Percutaneous ASD closure has established itself as a routine intervention due to the effectiveness and safety of the procedure as well as the advantage of a short learning curve. Rupture of the free right atrial wall must be considered a severe complication of percutaneous CHD interventions. This may be a potentially life-threatening complication if it leads to cardiac tamponade. Atrial erosion has been reported in association with Amplatzer septal occluders[3, 4]. According to the data reviewed by Pediatric and Adult Interventional Cardiac Symposium (PICS) 2012, most of the erosion occurred near the aortic root and the top of the atrium: 47 cases involved perforation of the roof of the left atrium (28 cases involved the aorta), 26 cases involved perforation of the roof of the right atrium (22 cases involved the aorta), and 9 cases involved both atria; in 15 cases, the site was unknown. Similarly, in Pics 2012 data, approximately 87.6% of erosions occurred in the first year after implantation. The incidence of erosions in children was 57% within 72 hours after the operation, and it was 65% in adults after more than 72 hours after implantation.
Our case demonstrated perforation of the atrial wall and aortic sinus as a complication of the atrial septal defect closure device 3 months after implantation of a 12-mm ASO. Since erosion occurs several hours or even days after a successful transcatheter closure, it can be concluded that the damage mechanism is not related to a catheterization technique-related complication but rather to a complex interaction between the device and the atrial wall. According to previous experience with occlusion, the base of the aorta is adjacent to the anterosuperior rim or limbus of the defect. In some cases, it is the only structure of this boundary. Due to the position of the device against the interatrial septum, the anterosuperior aspect of the device is in constant contact with the aorta during the cardiac cycle. Moreover, due to defects in the aortic rings, especially with the deployment of a significantly oversized device, the edge of the device may elongate the free atrial wall adjacent to the atrial septum. With each cardiac cycle, the movement of the edge of the device near the superior edge leads to a "seesaw" mechanism, resulting in potential erosion of the atrial roof and the adjacent aorta. The result is the development of pericardial hemorrhage and hemodynamic damage. The vulnerability of the atrial wall becomes more exaggerated with oversizing of the device and reduction of the RA cavity after ASD closure. We also found that compared with other atrial septal occluders, AGA occluder material has greater hardness. If placed near the aortic wall, this structure will lead to more rigid contact with the atrial wall and aortic wall, resulting in a higher risk of atrial and aortic erosion.

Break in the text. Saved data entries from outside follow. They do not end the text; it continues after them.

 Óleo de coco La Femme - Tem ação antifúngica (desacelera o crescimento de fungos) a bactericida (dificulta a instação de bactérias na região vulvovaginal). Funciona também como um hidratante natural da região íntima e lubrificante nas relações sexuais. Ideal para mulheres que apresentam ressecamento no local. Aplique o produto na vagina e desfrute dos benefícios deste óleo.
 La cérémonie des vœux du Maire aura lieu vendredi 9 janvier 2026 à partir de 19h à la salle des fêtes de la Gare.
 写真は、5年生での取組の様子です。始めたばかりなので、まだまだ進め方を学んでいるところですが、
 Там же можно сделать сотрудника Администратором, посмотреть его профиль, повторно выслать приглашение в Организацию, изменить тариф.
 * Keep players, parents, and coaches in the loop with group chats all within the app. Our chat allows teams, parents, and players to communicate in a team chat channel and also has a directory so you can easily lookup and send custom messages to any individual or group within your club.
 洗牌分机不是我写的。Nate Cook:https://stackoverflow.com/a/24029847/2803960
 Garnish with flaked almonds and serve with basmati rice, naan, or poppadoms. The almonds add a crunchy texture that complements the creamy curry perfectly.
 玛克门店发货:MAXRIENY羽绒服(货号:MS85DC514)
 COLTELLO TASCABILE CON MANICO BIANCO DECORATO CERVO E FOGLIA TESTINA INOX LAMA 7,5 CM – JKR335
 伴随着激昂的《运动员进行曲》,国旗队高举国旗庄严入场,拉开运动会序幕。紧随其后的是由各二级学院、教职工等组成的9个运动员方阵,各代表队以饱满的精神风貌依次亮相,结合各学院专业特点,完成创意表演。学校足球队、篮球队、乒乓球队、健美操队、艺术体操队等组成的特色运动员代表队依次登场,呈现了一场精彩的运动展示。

However, the current analysis of and theory on how device erosion occurs have significant limitations. Therefore, we should pay attention to the following points in future transcatheter closure: first, we should rigorously identify the indications before the operation; second, we must improve transthoracic echocardiography and transesophageal echocardiography before the operation to preoperatively assess the morphology of the ASD with respect to its location, size, shape, and margins and select the appropriate occluder according to the examination results; third, since events are more frequent in the first year, there should be frequent follow-up in the first year (e.g., serial echocardiography at 1 week, 1 month, 3 months, and 6 months) and clinical follow-up annually with less frequent follow-up after the first year; fourth, clinicians must ensure that patients are well informed of the risks/benefits of transcatheter closure of ASD. Further, sufficient communication between clinicians and their patients who have undergone implantation should be occur to educate patients about symptoms without creating fear and anxiety.
To summarize, with this case report, we want to illustrate that although percutaneous closure of ASD is regarded as a routine procedure, we should not forget the potentially lethal complications, especially cardiac erosion. Therefore, we should carefully evaluate the risk of erosion before surgery, and careful lifelong follow-up is needed.